BEGIN Input for this task

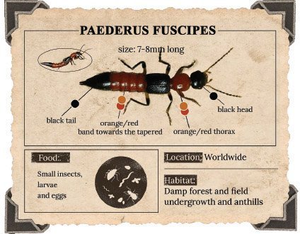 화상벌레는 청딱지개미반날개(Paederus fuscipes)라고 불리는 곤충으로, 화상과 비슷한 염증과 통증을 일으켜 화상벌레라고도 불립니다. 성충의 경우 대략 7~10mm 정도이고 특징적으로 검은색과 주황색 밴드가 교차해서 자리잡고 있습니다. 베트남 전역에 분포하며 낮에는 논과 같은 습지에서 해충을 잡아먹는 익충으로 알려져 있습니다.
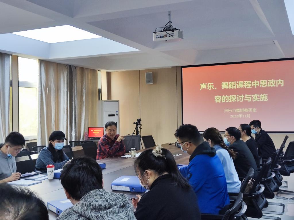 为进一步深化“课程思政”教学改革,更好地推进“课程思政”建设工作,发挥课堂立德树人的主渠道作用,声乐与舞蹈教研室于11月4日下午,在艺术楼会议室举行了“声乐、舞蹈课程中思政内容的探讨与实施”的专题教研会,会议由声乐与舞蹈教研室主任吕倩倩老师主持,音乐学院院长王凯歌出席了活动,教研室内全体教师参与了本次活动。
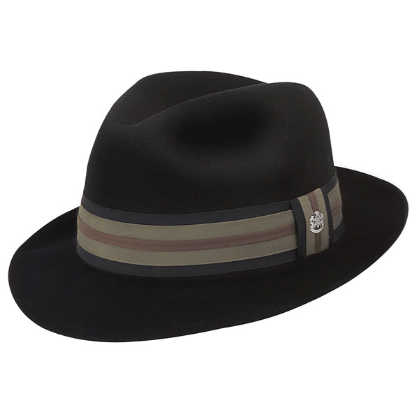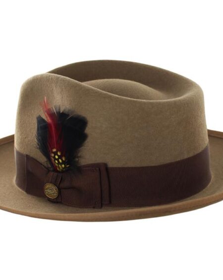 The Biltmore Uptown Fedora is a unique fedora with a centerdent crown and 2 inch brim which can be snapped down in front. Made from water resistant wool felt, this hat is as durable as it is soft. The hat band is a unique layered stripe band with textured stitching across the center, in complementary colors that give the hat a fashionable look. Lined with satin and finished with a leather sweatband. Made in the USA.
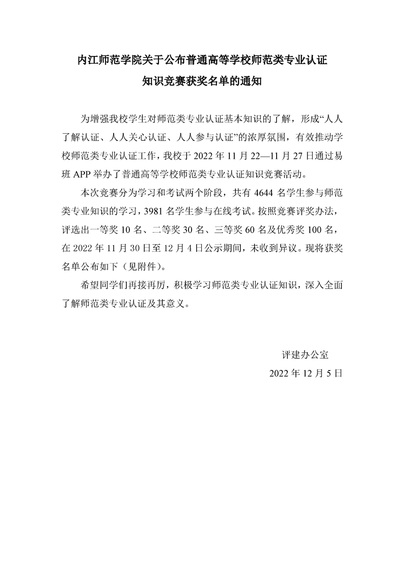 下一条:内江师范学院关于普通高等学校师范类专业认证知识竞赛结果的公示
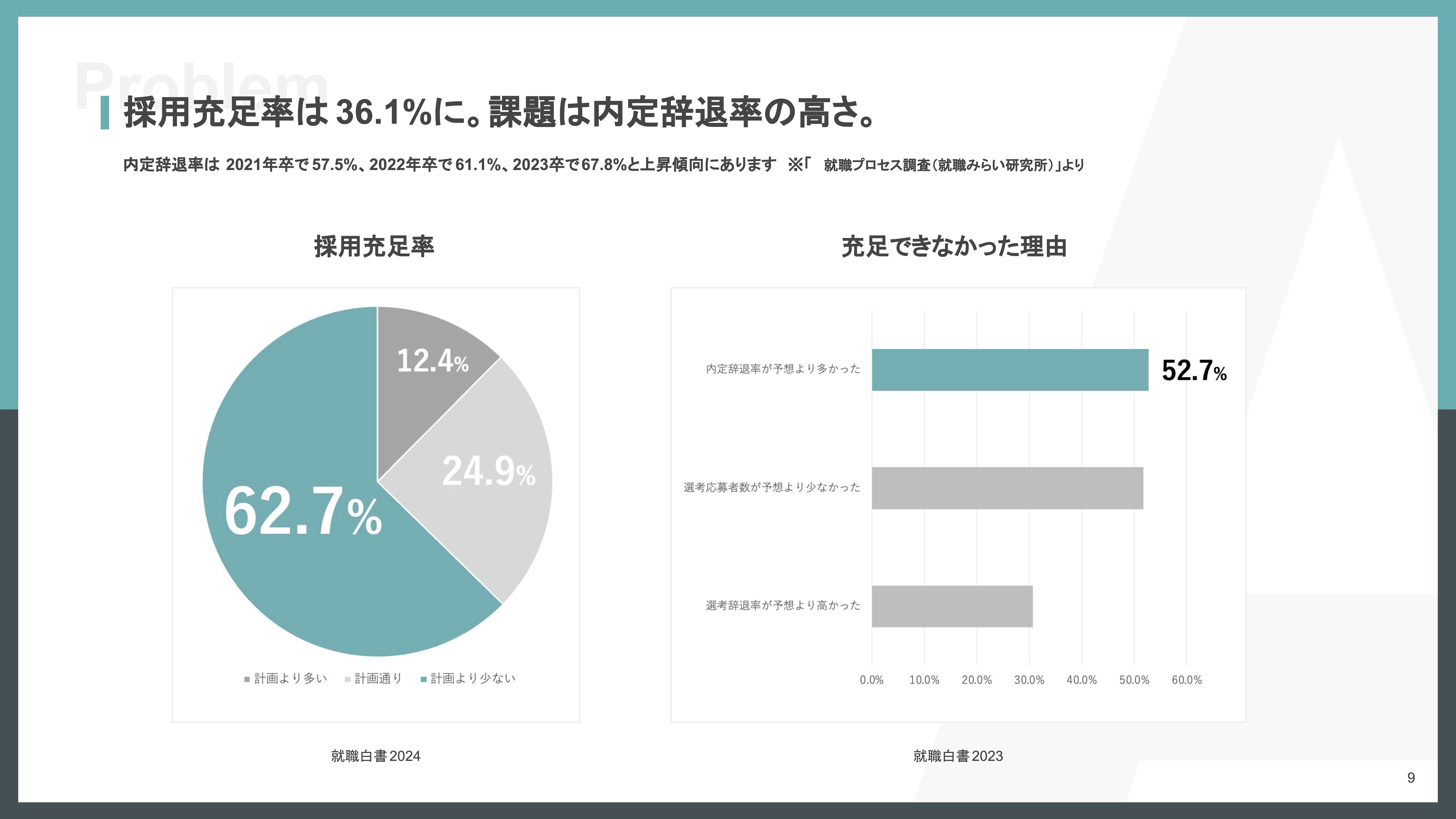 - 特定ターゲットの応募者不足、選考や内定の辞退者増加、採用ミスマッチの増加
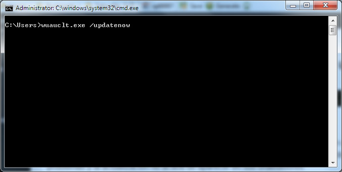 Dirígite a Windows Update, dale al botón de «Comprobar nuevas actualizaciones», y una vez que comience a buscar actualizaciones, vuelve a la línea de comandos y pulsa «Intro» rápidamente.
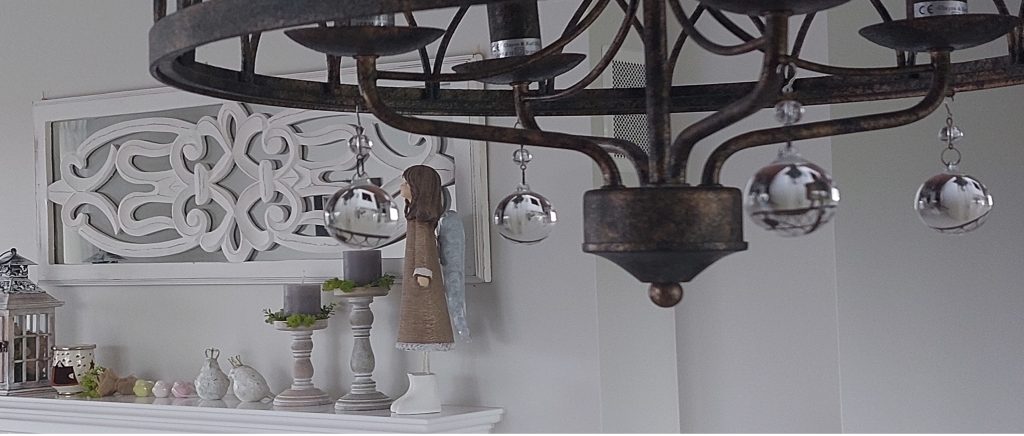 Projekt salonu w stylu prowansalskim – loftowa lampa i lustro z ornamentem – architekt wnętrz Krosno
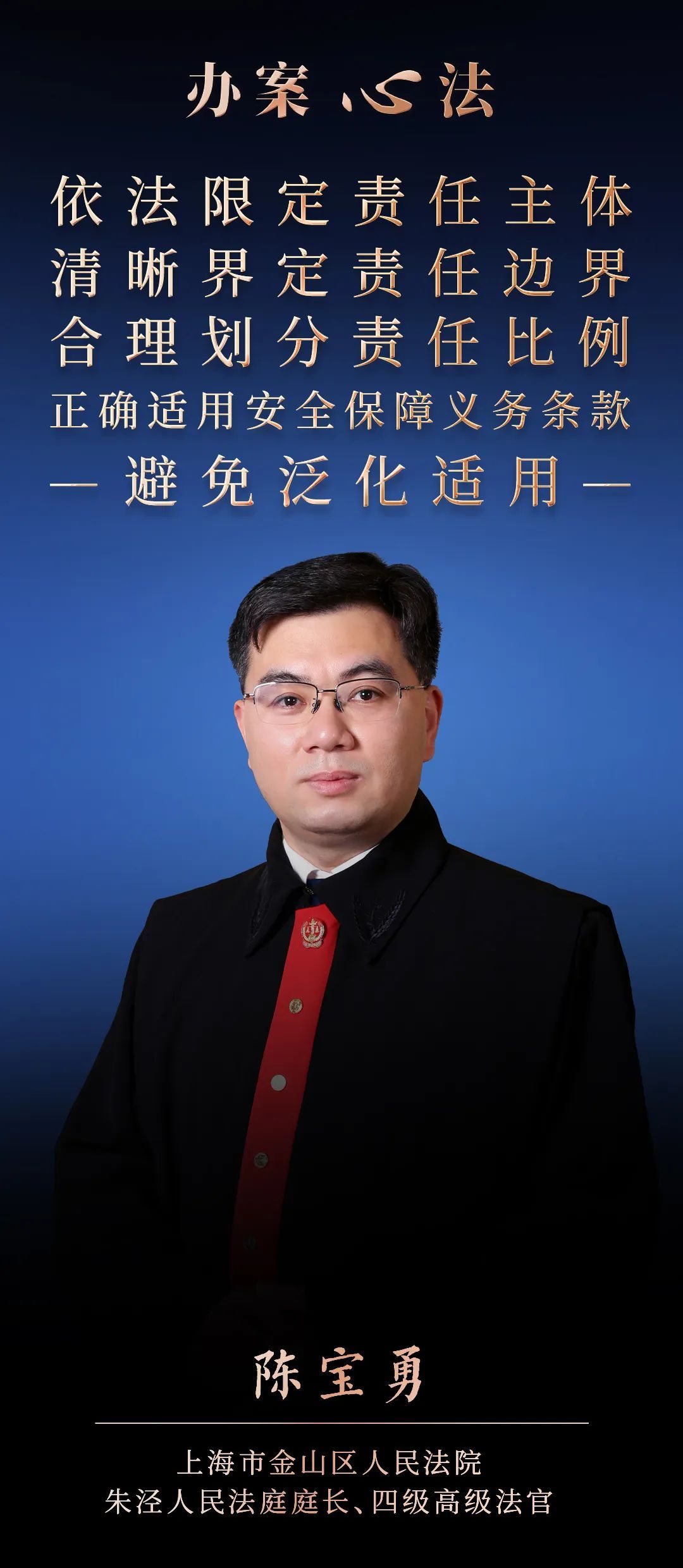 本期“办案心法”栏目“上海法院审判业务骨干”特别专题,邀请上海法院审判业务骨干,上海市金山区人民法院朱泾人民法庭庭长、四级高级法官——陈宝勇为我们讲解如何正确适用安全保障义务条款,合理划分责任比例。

END Input for this task

What to produce
Output every entry exactly. Pictures stay out.

Answer section
 화상벌레는 청딱지개미반날개(Paederus fuscipes)라고 불리는 곤충으로, 화상과 비슷한 염증과 통증을 일으켜 화상벌레라고도 불립니다. 성충의 경우 대략 7~10mm 정도이고 특징적으로 검은색과 주황색 밴드가 교차해서 자리잡고 있습니다. 베트남 전역에 분포하며 낮에는 논과 같은 습지에서 해충을 잡아먹는 익충으로 알려져 있습니다.
 为进一步深化“课程思政”教学改革,更好地推进“课程思政”建设工作,发挥课堂立德树人的主渠道作用,声乐与舞蹈教研室于11月4日下午,在艺术楼会议室举行了“声乐、舞蹈课程中思政内容的探讨与实施”的专题教研会,会议由声乐与舞蹈教研室主任吕倩倩老师主持,音乐学院院长王凯歌出席了活动,教研室内全体教师参与了本次活动。
 The Biltmore Uptown Fedora is a unique fedora with a centerdent crown and 2 inch brim which can be snapped down in front. Made from water resistant wool felt, this hat is as durable as it is soft. The hat band is a unique layered stripe band with textured stitching across the center, in complementary colors that give the hat a fashionable look. Lined with satin and finished with a leather sweatband. Made in the USA.
 下一条:内江师范学院关于普通高等学校师范类专业认证知识竞赛结果的公示
 - 特定ターゲットの応募者不足、選考や内定の辞退者増加、採用ミスマッチの増加
 Dirígite a Windows Update, dale al botón de «Comprobar nuevas actualizaciones», y una vez que comience a buscar actualizaciones, vuelve a la línea de comandos y pulsa «Intro» rápidamente.
 Projekt salonu w stylu prowansalskim – loftowa lampa i lustro z ornamentem – architekt wnętrz Krosno
 本期“办案心法”栏目“上海法院审判业务骨干”特别专题,邀请上海法院审判业务骨干,上海市金山区人民法院朱泾人民法庭庭长、四级高级法官——陈宝勇为我们讲解如何正确适用安全保障义务条款,合理划分责任比例。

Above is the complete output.